So what you're saying is that given the exact set of capital, connections, knowledge and market conditions that Musk initially had you wouldn't be able to make business decisions like he did because you're not intelligent enough?
Cannot answer for the parent commenter, but I know I wouldn't be able to make decisions like he did.

Just for one specific example: even if I was in his exact situation back then, I wouldn't mortgage out my house, ask friends and family for loans, cash out all of my savings, and then dump it all into my failing green energy startup during its "make it or break it moment". But he did, and none of what Tesla/SpaceX are presently would have been possible if he didn't make that decision.

And that's just one extreme thing that he did that I know for a fact I wouldn't have been able to do, even with the resources and everything else he had.

All you talk about in your example is risk-taking, which is orthogonal to intelligence and is heavily influenced by one's economic situation anyway.
I doubt it. It takes intelligence to make the best of those resources to create a success.

What's so unlikely to you about the idea that he's relatively intelligent and that's played a part in his success?

People want to pretend it's all luck and connections. I don't think it is, and I think people pretend that to make themselves feel like they could have done it if only they had the same resources.

> What's so unlikely to you about the idea that he's relatively intelligent and that's played a part in his success?

Nothing, I haven't even questioned his intelligence or said anything about him at all.

I just don't have a slightest clue in how to assess his intelligence and compare it to mine based on what I know about him, which makes me wonder what's making it so obvious to you. Especially when talking about things so blurry as "business decisions", since there are so many outside factors at play in any business that one's intelligence is never a single thing that determines business success.

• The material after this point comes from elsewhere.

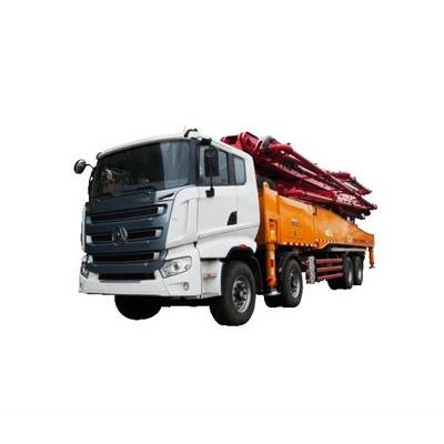 Sany SYG5418THB 56HP truck-mounted concrete pump has 56m vertical reach with the height limit programmed to prevent boom contact with an obstruction or overhead hazard. The 56m concrete pump provides the users reliable pumping performance along with the highly wear resistant parts including delivery pipe, discharge port, transition bushing, concrete piston, wear plate, cutting ring and delivery cylinder that improve the pumping efficiency and reduce down time.

> makes me wonder what's making it so obvious to you

Occam’s Razor. Maybe it’s possible it’s all sheer luck? But most likely - he’s a shrewd and intelligent business man.

Would you characterize Donald Trump as smarter than yourself? I mean, he made it all the way to President of the United States, have you ever been President? Hell, Einstein never was President, nor was he ever a Billionaire...

Trump was smarter than Einstein apparently. (Well, Einstein was German, bad example...

They never made it to president, or billionaire status though I don't think... It could be said Trump was more "successful"...

Does success === intelligence? God, I hope not or we're doomed as a species.

I think you're making a silly argument and you already know it. Einstein and Trump weren't working in the same fields so you can't compare their achievements.

Is Donald Trump smart? Well I think it's a non-partisan fact that he outsmarted the entire US political establishment in 2016. You decide how smart that is for yourself.

> You decide how smart that is for yourself.

His campaign has been purposely based on lies and hate, which to me seems like an exact opposite of "smart" even if successful.

I think you're confusing 'smart' with 'moral'.

An immoral person can be smart. And in fact it's a common and dangerous mistake to assume someone's stupid because you think they're immoral.

I don't. I believe that such immoral strategies are in fact easier to pull off than legitimate ones, that's why I called it "exact opposite of smart". It seems to me that it's you who's confusing "smart" with "successful".
What could be more smart than doing the thing that makes you successful?

Are you arguing it would have been smarter to do something that was unsuccessful?